Im Faculty Club der Gießener Hochschulgesellschaft fand kürzlich die Ehrung der Sportlerinnen und Sportler der Justus-Liebig-Universität Gießen (JLU) für deren herausragende Leistungen im Wettkampfjahr 2025 statt. Insgesamt 17 Studierende wurden für ihre Erfolge bei den Deutschen Hochschulmeisterschaften ausgezeichnet. Bei dieser festlichen Veranstaltung überreichten Prof. Dr. Karsten Krüger, der Vizepräsident für Wissenschaftliche Infrastruktur, und Lena Schalski, die Leiterin des Allgemeinen Hochschulsports, die Preisverleihungen. Gäste waren unter anderem Vertreter des Hochschulsports der Technischen Hochschule Mittelhessen (THM) sowie der Leiter des Sportamtes Gießen.
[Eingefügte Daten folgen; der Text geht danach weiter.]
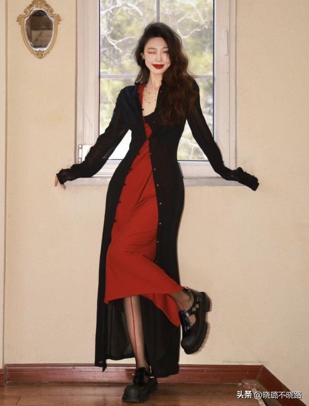 紅黑這兩款單品的搭配就建議大家可以穿的更加具有經典以及穩定感、沉穩感重一些,在選擇疊穿方式的時候,還是要選擇兩者都爲長款的設計,例如上裙裝搭配大衣這樣的版型狀態就非常的具有經典性,而且針對於任何一個年齡階段的女性而言都很有氣質襯托。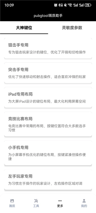 1、在其中點(diǎn)擊“更多”,接著點(diǎn)擊“大神鍵位”里的“ipad專用布局”

Benjamin Schenk, Generalsekretär des Allgemeinen Deutschen Hochschulsports (adh), betonte in seinem Grußwort die Bedeutung des Hochschulsports für talentierte Athletinnen und Athleten.

Ein besonderes Augenmerk lag auf den drei Athleten, die neu im Rahmen der Kooperation „Partnerhochschule des Spitzensports“ gefördert wurden. Diese Initiative, die 1999 vom adh ins Leben gerufen wurde, hat es sich zur Aufgabe gemacht, die akademische Ausbildung und die sportliche Karriere junger Talente zu vereinen. Aktuell beteiligen sich über 110 Hochschulen in Deutschland, darunter auch die JLU, die spezielle Regelungen zur Unterstützung von Kaderathleten bieten. Die Flexibilisierung von Studienzeiten und individuelle Planung von Praktika sind dabei entscheidende Elemente, um Athleten die Vereinbarkeit von Sport und Studium zu erleichtern, wie auch auf der Seite des Hochschulsports Hannover beschrieben wird.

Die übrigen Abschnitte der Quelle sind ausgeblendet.